Microsoft VSCode has malicious extensions that have been downloaded nearly 50,000 times

Check Point recently discovered that cyber attackers have uploaded three malicious extensions to Microsoft's VSCode Marketplace that have been downloaded 46,600 times by Windows developers.

Check Point said the attackers were able to use these malicious extensions to steal credentials, system information, and create remote shells on the victim's machine.

The three malicious extensions discovered by Check Point are as follows:

Theme Darcula dark – Described as "an attempt to improve Dracula colors consistency on VS Code," this extension was used to steal basic information about the developer's system, including hostname, operating system, CPU platform, total memory, and information about the CPU. While the extension did not contain other malicious activity, it is not typical behavior associated with a theme pack. This extension had the most circulation by far, downloaded over 45,000 times.

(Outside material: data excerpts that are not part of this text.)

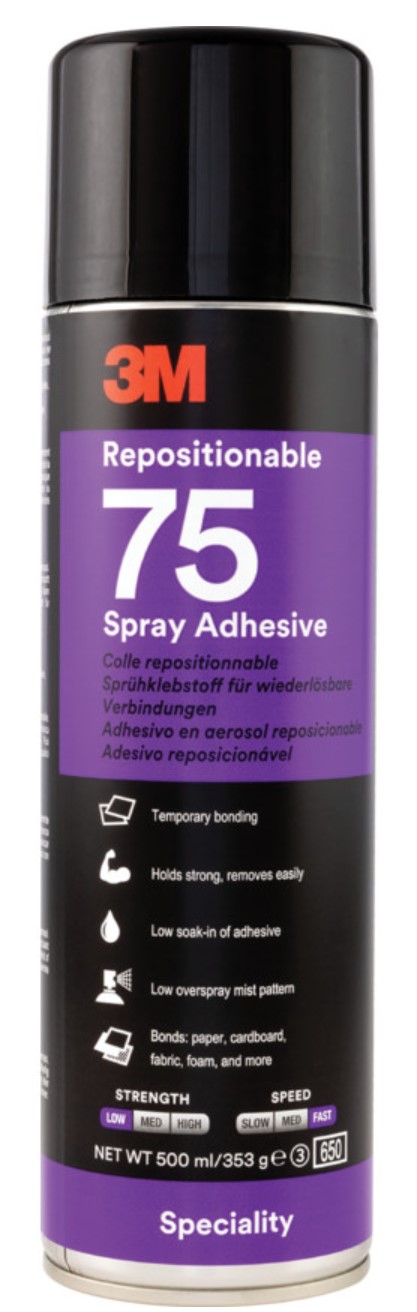 3M™ flyttbart spraylim 75 er vårt allsidige trykkfølsomme spraylim, som passer for midlertidig hold eller plassering av lettvektsmaterialer for framvisning eller før endelig montering. Kleber i løpet av sekunder, men har likevel en ekstra lang kleberekkevidde som tillater løfting og reposisjonering av materialer.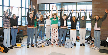 Wood River High School girls demonstrates how everyone’s midriff
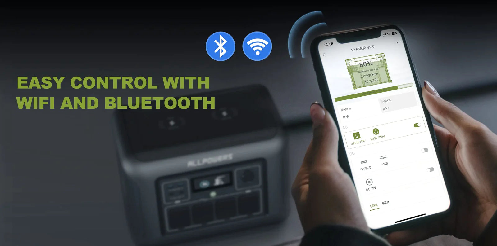 Easy to realize by connecting with ALLPOWERS APP via WIFI power monitoring/function setting/remote control/system upgrade.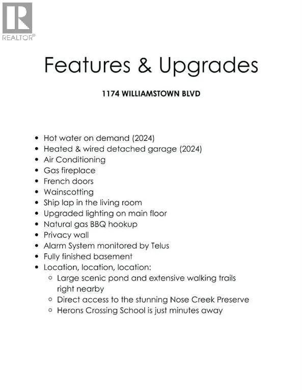 Welcome home to this beautifully maintained detached family residence in the highly sought-after Williamstown neighbourhood in Airdrie!Nestled in a friendly, family-oriented community, this home is perfectly positioned with a large scenic pond and extensive walking trails right nearby, plus direct access to the stunning Nose Creek Preserve for endless outdoor enjoyment. Herons Crossing School is just minutes away, making this an ideal location for families.Inside, youâll love the warm and welcoming layout featuring a cozy gas fireplace perfect for Alberta evenings. The home offers four generous bedrooms and three full bathrooms, while the fully finished basement provides flexible space for a rec room, home office, or guest suite â with an additional bathroom already roughed-in for easy future completion.Recent 2024 upgrades include an on-demand hot water system for instant comfort and a brand-new heated & wired detached garage thatâs ready for vehicles, tools, or hobbies.Step out back to your private deck with a natural gas BBQ hookup â the perfect spot for summer gatherings and relaxing evenings.This is a true turn-key family home in one of Airdrieâs most desirable pockets. Whether youâre raising a family or looking for room to grow, 1174 Williamstown Boulevard delivers everything youâve been searching for.Book your private showing today â homes like this donât last long! (id:27476)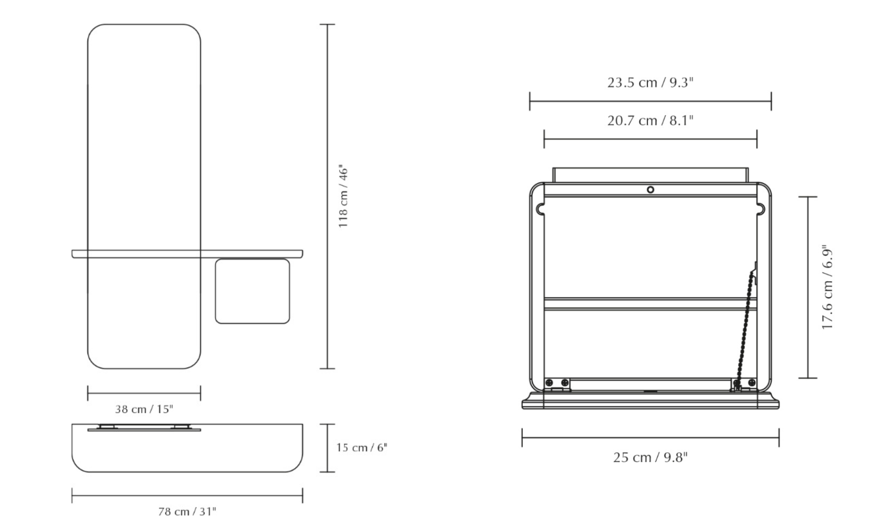 Vielen Dank an die richtige Größe Spiegel Es bietet Reflexion entlang seiner gesamten Länge, mit der Sie sich perfekt vorbereiten können, bevor Sie das Haus verlassen. Darüber hinaus ist der Spiegel mit einem Regal und einem kleinen Schrank mit praktischem Spiegel und Lederschalen ausgestattet - eine ideale Lösung für die Aufbewahrung alltäglicher Objekte wie Schlüssel, Kosmetik, Sonnenbrille und Ersatzmünzen.

python-vscode – Analysis of its code showed that it is a C# shell injector that can execute code or commands on the victim's machine.

prettiest java – Based on the extension's name and description, it was likely created to mimic the popular 'prettier-java' code formatting tool. In reality, it stole saved credentials or authentication tokens from Discord and Discord Canary, Google Chrome, Opera, Brave Browser, and Yandex Browser, which were then sent to the attackers over a Discord webhook.

In addition to these, Check Point found multiple suspicious extensions that could not be determined to be malicious, but exhibited insecure behavior, such as fetching code from private repositories or downloading files.

Check Point has reported the situation to Microsoft, and on May 14, VSCode removed the three malicious extensions from the marketplace. However, any software developers still using the malicious extensions must manually remove them from their systems and run a full scan to detect any remnants of the infection.

Software Repository Security Risks

Visual Studio Code (VSC) is the source code editor published by Microsoft, and a large percentage of professional software developers worldwide are users. Microsoft also operates an extension marketplace for the IDE called the VSCode Marketplace, which offers more than 50,000 extensions to application functionality and additional add-ons that provide more customization options.

While software repositories that allow user uploads, such as NPM and PyPi, have proven to be a security risk time and time again, there is not much precedent for malware infiltration against the VSCode Marketplace. And AquaSec has proven in January that it is fairly easy to upload malicious extensions to the VSCode Marketplace, and presented some highly suspicious cases, but ultimately failed to find any conclusive malicious programs.

The cases found by Check Point suggest that attackers are actively trying to infect Windows developers by uploading malicious programs, as they have done with software repositories such as NPM and PyPI.

Check Point recommends that users of the VSCode Marketplace and all other repositories that support user uploads choose only trusted, highly downloaded programs with good community ratings when downloading.